This function can be executed from the command line to perform transcription tasks, providing a user-friendly way to access the AutoTranscribe class functionalities.
autotranscript.diarisation module¶
Diarisation Class¶
This class serves as the heart of the speaker diarization system, responsible for identifying and segmenting individual speakers from a given audio file. It leverages a pretrained model from pyannote.audio, providing an accessible interface for audio processing tasks such as speaker separation, and timestamping.
By encapsulating the complexities of the underlying model, it allows for straightforward integration into various applications, ranging from transcription services to voice assistants.
Available Classes: - Diariser: Main class for performing speaker diarization.
Includes methods for loading models, processing audio files, and formatting the diarization output.
Constants: - TOKEN_PATH (str): Path to the Pyannote token. - PYANNOTE_DEFAULT_PATH (str): Default path to Pyannote models. - PYANNOTE_DEFAULT_CONFIG (str): Default configuration for Pyannote models.
- Usage:
from .diarisation import Diariser
model = Diariser.load_model(model=”path/to/model/config.yaml”) diarisation_output = model.diarization(“path/to/audiofile.wav”)
- class Diariser(model)¶
Bases:
objectHandles the diarization process of an audio file using a pretrained model from pyannote.audio.

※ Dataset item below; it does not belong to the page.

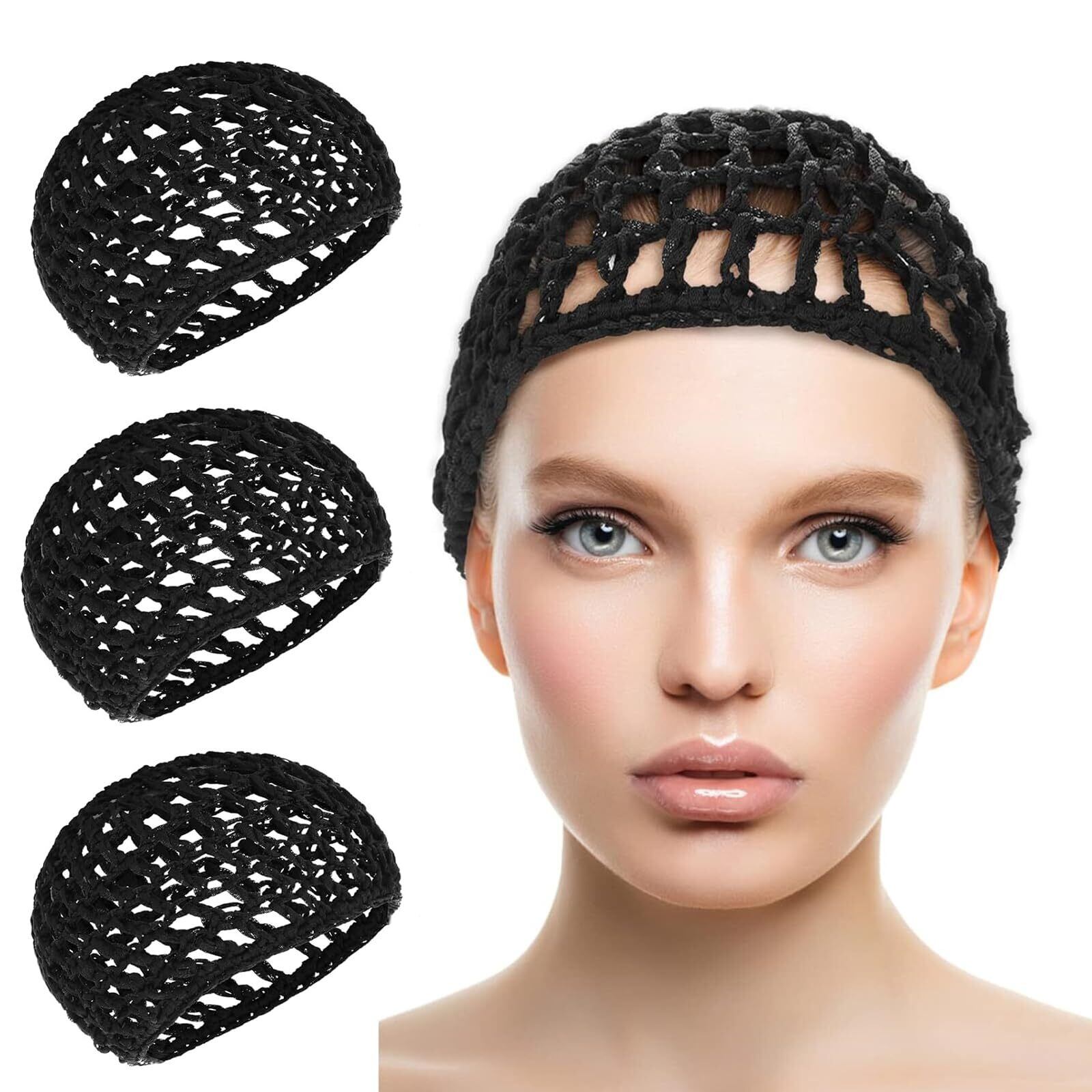 【十分な数】黒いかぎ針編みのヘアネット帽を3枚受け取り、異なる服を簡単に組み合わせることができます。日常生活の中で置き換えるには十分な数があるか、家族と共有することができます。

Diarization is the task of determining “who spoke when.”
- Args:
model: The pretrained model to use for diarization.
- __init__(model) None¶
- __repr__()¶
Return repr(self).
- diarization(audiofile: Union[str, torch.Tensor, dict], *args, **kwargs) Annotation¶
Perform speaker diarization on the provided audio file, effectively separating different speakers and providing a timestamp for each segment.
- Args:
- audiofile: The path to the audio file or a torch.Tensor
containing the audio data.
args: Additional arguments for the diarization model. kwargs: Additional keyword arguments for the diarization model.
- Returns:
- dict: A dictionary containing speaker names,
segments, and other information related to the diarization process.
- static format_diarization_output(dia: Annotation) dict¶
Formats the raw diarization output into a more usable structure for this project.
- Args:
dia: Raw diarization output.
- Returns:
- dict: A structured representation of the diarization, with speaker names
as keys and a list of tuples representing segments as values.
- classmethod load_model(model: str = '/home/ortizcruzc/.cache/torch/models/pyannote/config.yaml', use_auth_token: str = None, cache_token: bool = True, cache_dir: Union[Path, str] = '/home/ortizcruzc/.cache/torch/models/pyannote', hparams_file: Union[str, Path] = None, *args, **kwargs) pyannote.audio.Pipeline¶
Loads a pretrained model from pyannote.audio, either from a local cache or online repository.
- Args:
- model: Path or identifier for the pyannote model.
default: /models/pyannote/speaker_diarization/config.yaml
token: Optional HUGGINGFACE_TOKEN for authenticated access. cache_token: Whether to cache the token locally for future use. cache_dir: Directory for caching models. hparams_file: Path to a YAML file containing hyperparameters. args: Additional arguments only to avoid errors. kwargs: Additional keyword arguments only to avoid errors.
- Returns:
Pipeline: A pyannote.audio Pipeline object, encapsulating the loaded model.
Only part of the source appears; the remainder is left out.